Africa-Press – Tchad. A travers un point de presse fait ce 6 mai, le coordonnateur de la plateforme Wakit Tamma, Max Loalngar, annonce le report de la marche prévue le 10 mai.
Elle est décalée de quatre jours pour « réaffirmer les valeurs de la République ».
Pour Max Loalgnar, le report sine die du dialogue prévu le 10 mai confirme « définitivement » l’échec du Conseil militaire de transition (CMT) à conduire une transition consensuelle et apaisée.
« La débâcle est telle qu’il a fallu tirer du prétexte de la demande de l’État du Qatar pour décider de ce report.
Ce faisant, c’est notre aptitude en tant qu’État à lire les présages de notre existence pour décider souverainement de notre destinée commune qui est enjeu », dénonce-t-il.
D’après le coordonnateur de Wakit Tamma, ce report montre la « frilosité » des autorités à anticiper sur les évènements pour indiquer un cap rassurant au peuple.
« C’est le lieu de réaffirmer que la coordination des actions citoyennes, Wakit Tamma, a eu très tôt raison de dénoncer l’existence d’un agenda caché du CMT.
Sinon comment comprendre qu’en dépit des incessants appels à la prédéfinition réfléchie consensuelle de l’agenda du dialogue qui permettrait justement de conserver toutes les chances d’une exécution effective des attentes du peuple, il a fallu attendre l’appel d’un pays tiers pour se résoudre à un appel qui coulait de source, compte tenu des défaillances signalées dont l’absence du caractère inclusif et sincère, consensuel », ajoute-t-il.
Wakit Tamma dit avoir eu écho des informations selon lesquelles des militaires français seraient installés dans 5 villes du pays.
« Il n’est nullement surprenant que des informations faisant état de l’installation des militaires français dans cinq villes du Tchad à savoir Ati, Wour, Adré, Am-Timan et Tissi n’est suscitée de réactions ni du gouvernement, ni du CMT.

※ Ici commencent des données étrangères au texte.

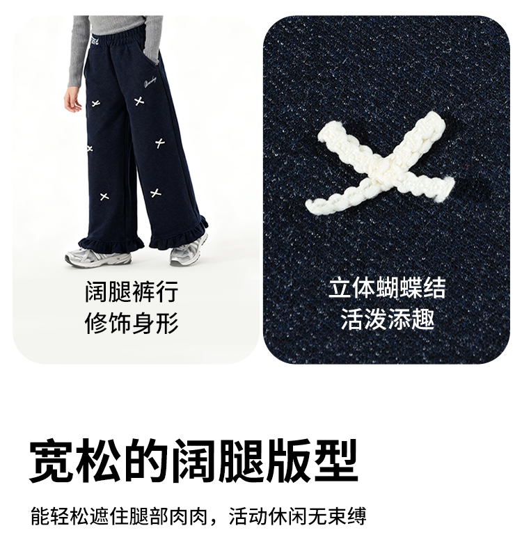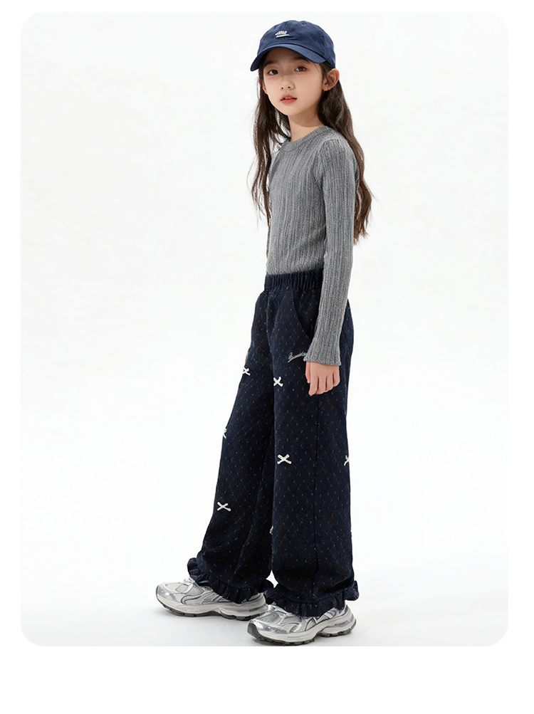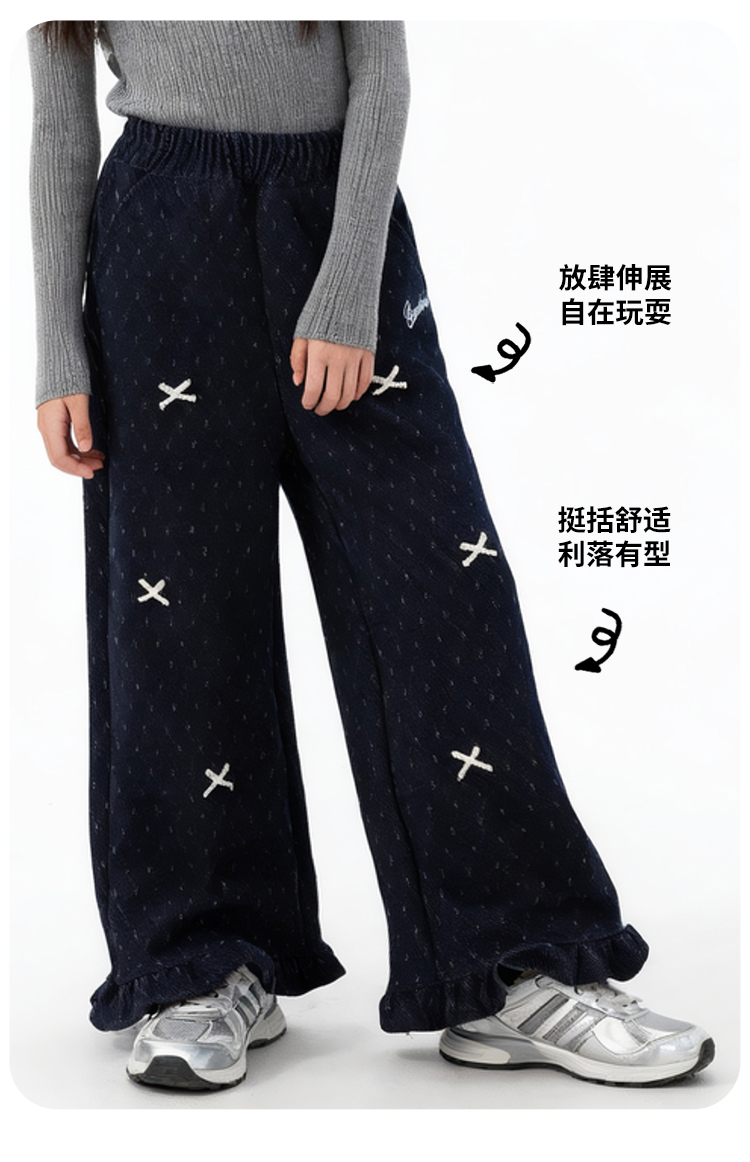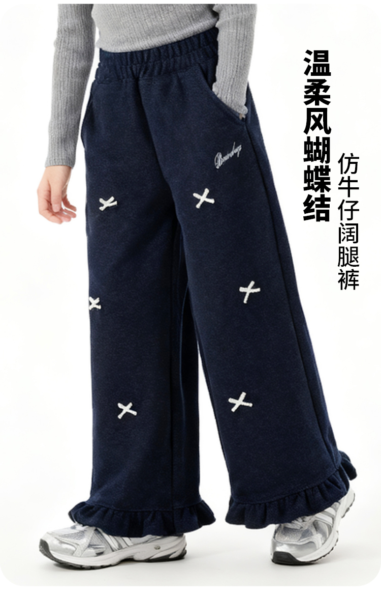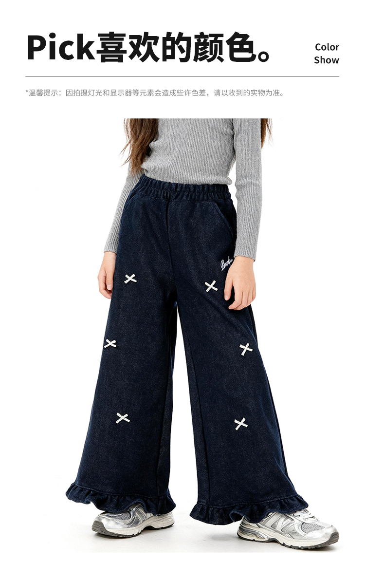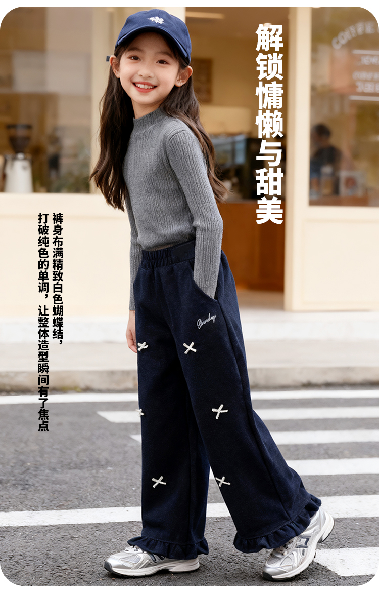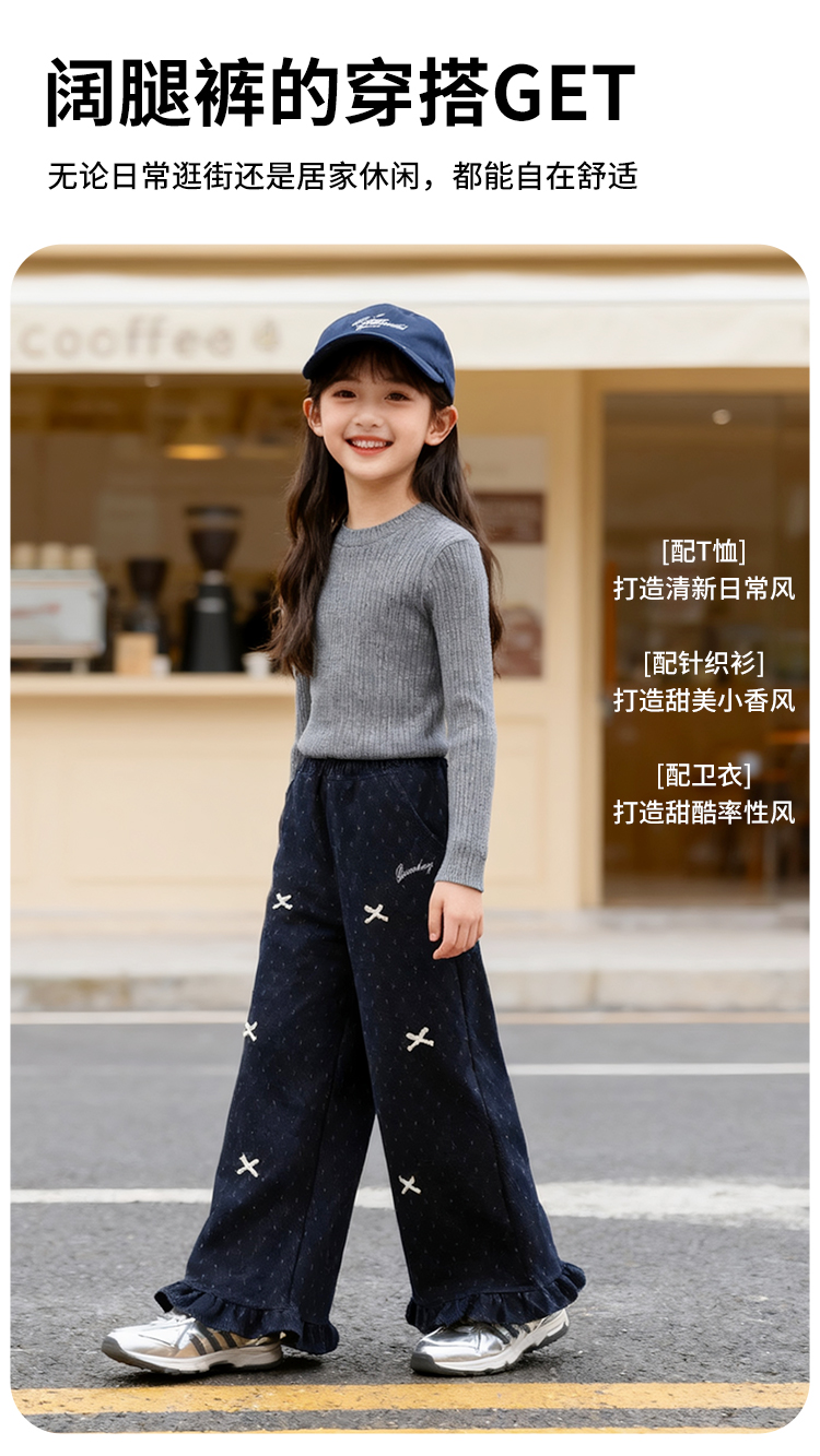 贝贝怡童装女童仿牛仔裤阔腿裤2025秋冬新款宽松女童休闲长裤子ZB3EK048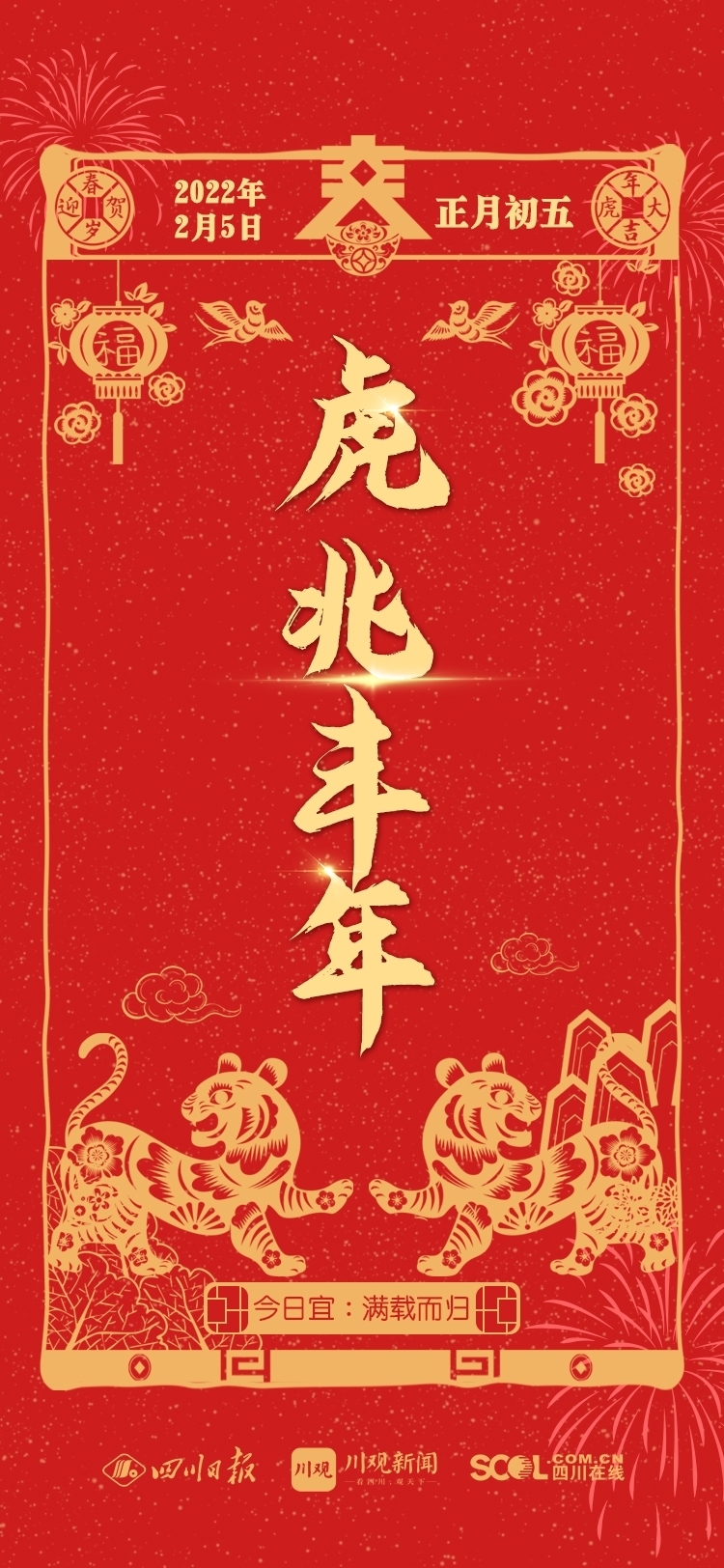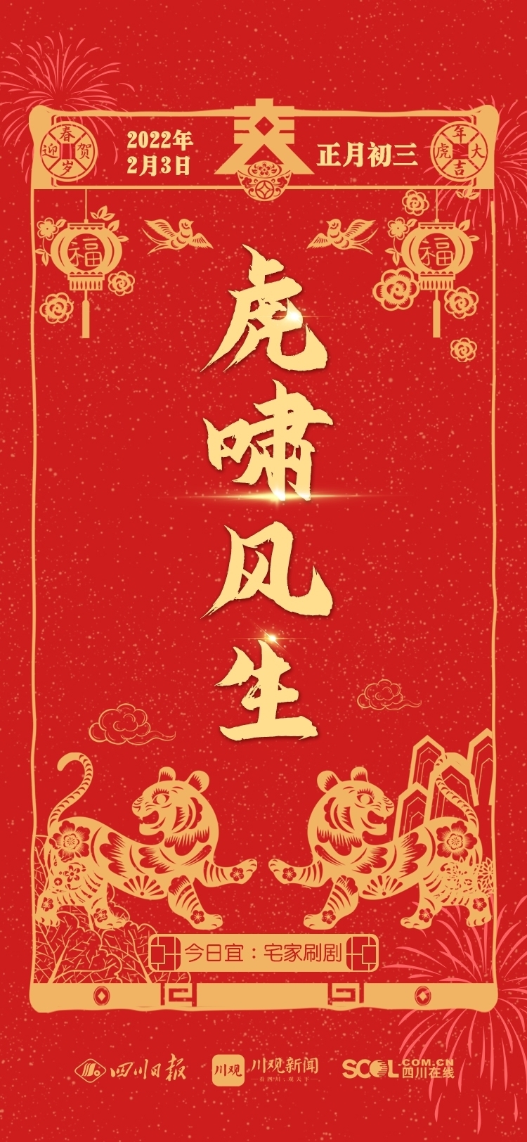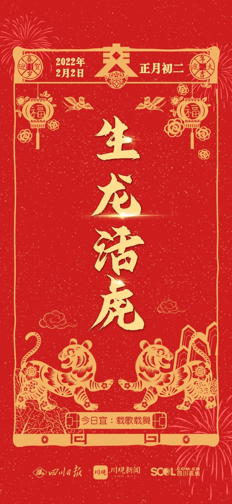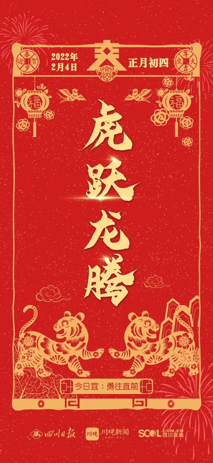 明天就是除夕啦!很快,我们就将迎来壬寅虎年,四川在线送给你一组“红红虎虎”的新春海报,春节七天,每天都有新鲜美好的祝福!祝你虎虎生威、生龙活虎、如虎添翼!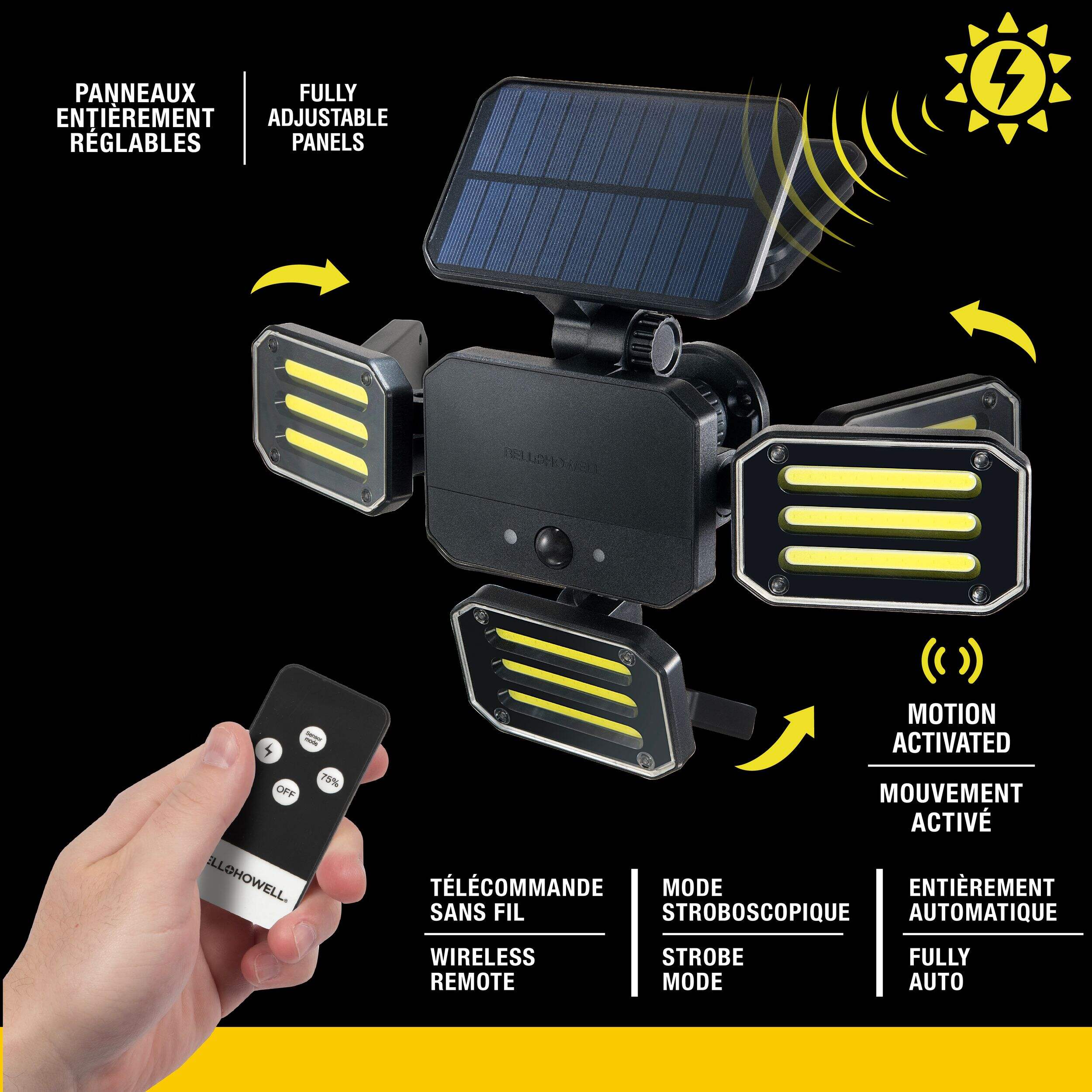 Améliorez votre éclairage extérieur avec le projecteur solaire Bell & Howell Bionic, comme à la télé, une solution d'éclairage sans tracas. Ce projecteur offre un éclairage puissant et lumineux chaque fois qu'un mouvement est détecté. Alimenté entièrement par l'énergie solaire, le projecteur Bionic permet une installation simple et économique. Ce projecteur est conçu pour résister aux intempéries à l'extérieur toute l'année. Dites adieu aux projecteurs obsolètes et procurez-vous le projecteur Bionic, une combinaison parfaite de technologies de pointe et de conception écologique.

Peut-on raisonnablement, dans le contexte d’un régime de transition, autoriser l’implantation des forces militaires étrangères sur le territoire national sans en référer au peuple, et en l’absence de toute Assemblée nationale à même de ratifier les traités ? », s’interroge Max Loalngar.
Il en appelle au respect de la dignité et de la souveraineté du peuple tchadien.
La marche de la plateforme prévue le 10 mai est reporté de 4 jours « à l’effet de réaffirmer les valeurs de la République » et d’exiger la mise en place d’un « régime civile plus respectueux des droits humains et plus à même de défendre les intérêts supérieurs de la Nation ».